Таким образом, тот план избавления от церковной епитимии, который был составлен Михаилом Палеологом, постепенно рушился, царь по-прежнему был связан духовными узами, не имел свободы в своей деятельности, являлся преступником и пред судом своей совести, и в представлении народа. Где же был выход из затруднительного положения? – По оценке Палеолога, он состоял не в чем ином, как в устранении с патриаршего престола недавно избранного Германа, как неспособного дать царю надлежащее, действенное врачество от его духовной язвы, и в избрании на престол другого первоиерарха, до известной степени равного, по своему духовному авторитету, низложенному Арсению, правоспособному снять с царя тяготевшее над ним церковное отлучение. Значит, одна неправда царя породила ряд других незакономерных его действий, унижавших и его авторитет, как епистимонарха церкви, и нарушавших правильное течение внутренней церковной жизни. Но, конечно, было мало сознать необходимость низложения Германа, надлежало привести в исполнение и это произвольное решение царя. Однако, за Германом с принципиальной стороны и по характеру иерархической его деятельности не было никакой личной вины, которая могла бы служить каноническим основанием к его низложению. Вина его состояла лишь в том, что он не соответствовал видам и желаниям царя, во что бы то ни стало стремившегося оправдать себя перед церковью и народом в совершенном преступлении и изгладить всякий след разъедавшей его совесть духовной язвы. Но ведь сам же царь и содействовал избранию Германа на патриарший престол. При таких обстоятельствах, наилучшим выходом из затруднения было добровольное отречение Германа от престола. А для этого опять необходимо было внушить Герману мысль о таком отречении... Нет нужды входить во все детали вопроса о том, как Герман volens nolens отрекся от патриаршего престола: под влиянием мнимо-дружеских советов и предупреждений, Герман постепенно понял, что он не на месте, и в сентябре 1267 года, после трех с половиной месяцев пребывания на патриаршем престоле, отказался от власти и удалился в свою келию в Манганах на берегу Босфора63.

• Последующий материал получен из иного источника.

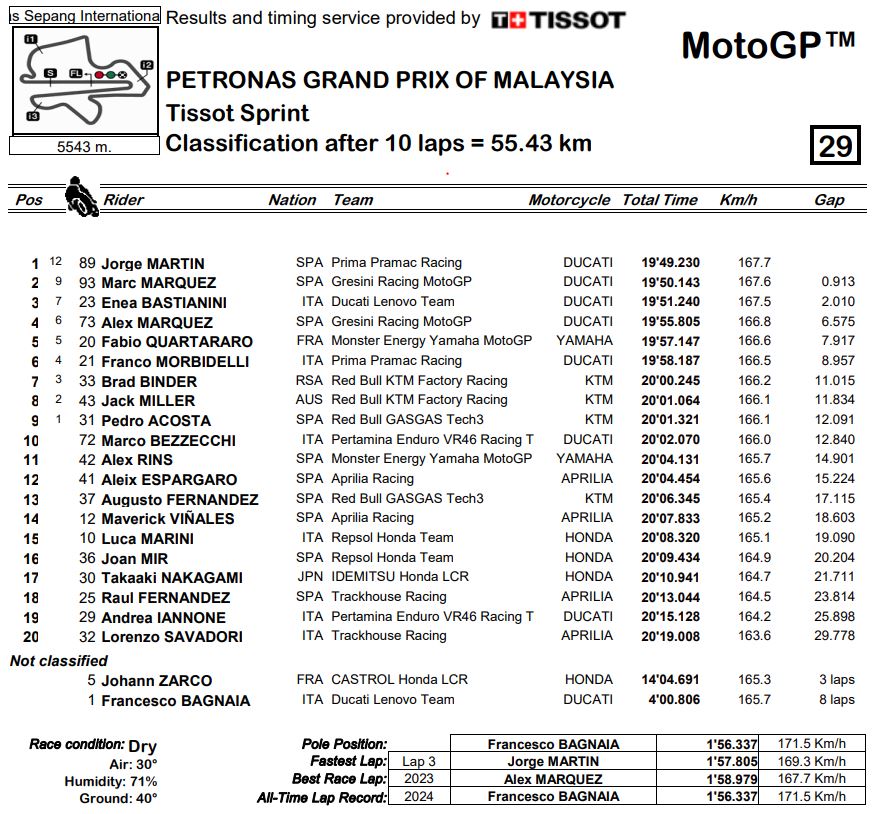 Seconda posizione posizione per Marc Marquez, che alla fine è riuscito a chiudere a meno di un secondo da Martin, e terza per Enea Bastianini, staccato di 2″ dalla vittoria, che hanno così accompagnato Martin sul podio della MotoGP Sprint in Malesia, segnata da poche emozioni per l’assenza di duelli e sorpassi dopo i primi due giri.

28 декабря 1267 года на византийский патриарший престол был избран духовник царя Иосиф Галисийский, человек мягкий, снисходительный, всецелый сторонник принципа οἰκονομία. Император весьма предупредительно относился к новому патриарху, рассчитывая получить от него сильно заботившее его разрешение от епитимии. И вот он всеми мерами содействовал патриарху и архиереям привести в порядок церковные дела, нарушенные прежними волнениями, каждый день наблюдал, чтобы то, о чем просил его патриарх, исполнялось немедленно, и этим предрасполагал предстоятеля церкви к освобождению его от отлучения. Он с такой готовностью выслушивал представления и речи патриарха, что, рассылая по всем фемам византийской империи свои определения, приказывал лицам начальствующим принимать грамоты патриарха в значении собственных своих указов, угрожая наказанием за неисполнение того, что в них было предписано исполнить; затем, по ходатайству патриарха, он отворял тюрьмы, освобождал от оков многих заключенных, удостоил помилования осужденных, возвратил в отечество изгнанных и простил тех, на кого гневался64. Всеми такими делами милосердия и благотворения император Михаил, по мнению патриарха Иосифа, отчасти искупил свою вину, поэтому патриарх решил, наконец, снять с него отлучение и примирить с церковью. Об этом не переставал умолять патриарха сам царь, со скорбью и сокрушением переносивший в течение шести лет тяжелое духовное иго и пламенно стремившийся вступить в полное и совершенное общение с церковью.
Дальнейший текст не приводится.